[Stored items from a collection]
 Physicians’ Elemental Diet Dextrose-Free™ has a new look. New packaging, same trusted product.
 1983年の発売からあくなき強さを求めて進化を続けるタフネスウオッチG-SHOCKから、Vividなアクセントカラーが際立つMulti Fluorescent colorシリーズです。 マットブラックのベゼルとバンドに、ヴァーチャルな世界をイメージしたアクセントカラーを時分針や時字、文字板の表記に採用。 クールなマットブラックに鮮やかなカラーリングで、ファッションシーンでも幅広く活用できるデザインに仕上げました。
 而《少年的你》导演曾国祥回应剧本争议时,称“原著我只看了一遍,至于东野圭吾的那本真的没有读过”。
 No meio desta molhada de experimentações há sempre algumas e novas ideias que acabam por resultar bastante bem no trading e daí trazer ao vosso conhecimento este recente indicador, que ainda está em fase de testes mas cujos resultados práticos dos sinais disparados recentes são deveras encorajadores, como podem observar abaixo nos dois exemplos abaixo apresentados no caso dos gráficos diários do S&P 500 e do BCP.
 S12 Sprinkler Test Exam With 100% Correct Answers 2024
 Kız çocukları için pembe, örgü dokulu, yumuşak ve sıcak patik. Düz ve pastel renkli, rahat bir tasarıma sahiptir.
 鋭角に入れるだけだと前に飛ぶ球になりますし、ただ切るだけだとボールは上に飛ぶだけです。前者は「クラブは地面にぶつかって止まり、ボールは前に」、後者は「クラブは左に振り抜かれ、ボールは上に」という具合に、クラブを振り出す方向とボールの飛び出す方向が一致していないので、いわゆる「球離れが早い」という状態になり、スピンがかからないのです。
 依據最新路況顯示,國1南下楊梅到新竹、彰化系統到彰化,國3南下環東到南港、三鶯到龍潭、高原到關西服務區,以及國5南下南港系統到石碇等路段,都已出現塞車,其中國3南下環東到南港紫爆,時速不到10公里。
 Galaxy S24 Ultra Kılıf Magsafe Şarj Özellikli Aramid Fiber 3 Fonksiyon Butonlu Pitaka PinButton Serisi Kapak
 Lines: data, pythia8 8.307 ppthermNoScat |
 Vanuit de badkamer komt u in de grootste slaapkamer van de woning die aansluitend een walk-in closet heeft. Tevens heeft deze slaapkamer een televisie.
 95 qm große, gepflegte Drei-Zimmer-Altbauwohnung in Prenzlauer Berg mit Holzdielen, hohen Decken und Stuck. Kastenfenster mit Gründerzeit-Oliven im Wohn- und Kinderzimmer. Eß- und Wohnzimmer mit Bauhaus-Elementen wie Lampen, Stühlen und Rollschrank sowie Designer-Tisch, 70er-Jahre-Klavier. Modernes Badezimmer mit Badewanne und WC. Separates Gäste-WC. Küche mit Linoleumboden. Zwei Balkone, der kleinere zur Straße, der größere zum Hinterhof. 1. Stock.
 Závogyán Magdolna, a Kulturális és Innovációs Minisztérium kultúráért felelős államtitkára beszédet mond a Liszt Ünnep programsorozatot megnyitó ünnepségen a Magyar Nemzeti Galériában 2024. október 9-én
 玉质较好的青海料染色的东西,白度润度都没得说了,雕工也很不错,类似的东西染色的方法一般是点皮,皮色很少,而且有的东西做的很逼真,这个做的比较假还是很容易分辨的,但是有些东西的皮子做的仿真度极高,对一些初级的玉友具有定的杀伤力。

■ Directions for this task
Out of the data above, set down the lines from the one with "Kız çocukları için" to the one with "Lines: data, pythia8 8.307 ppthermNoScat |", both included, exactly as written and with no additions.

■ Solution to this problem
 Kız çocukları için pembe, örgü dokulu, yumuşak ve sıcak patik. Düz ve pastel renkli, rahat bir tasarıma sahiptir.
 鋭角に入れるだけだと前に飛ぶ球になりますし、ただ切るだけだとボールは上に飛ぶだけです。前者は「クラブは地面にぶつかって止まり、ボールは前に」、後者は「クラブは左に振り抜かれ、ボールは上に」という具合に、クラブを振り出す方向とボールの飛び出す方向が一致していないので、いわゆる「球離れが早い」という状態になり、スピンがかからないのです。
 依據最新路況顯示,國1南下楊梅到新竹、彰化系統到彰化,國3南下環東到南港、三鶯到龍潭、高原到關西服務區,以及國5南下南港系統到石碇等路段,都已出現塞車,其中國3南下環東到南港紫爆,時速不到10公里。
 Galaxy S24 Ultra Kılıf Magsafe Şarj Özellikli Aramid Fiber 3 Fonksiyon Butonlu Pitaka PinButton Serisi Kapak
 Lines: data, pythia8 8.307 ppthermNoScat |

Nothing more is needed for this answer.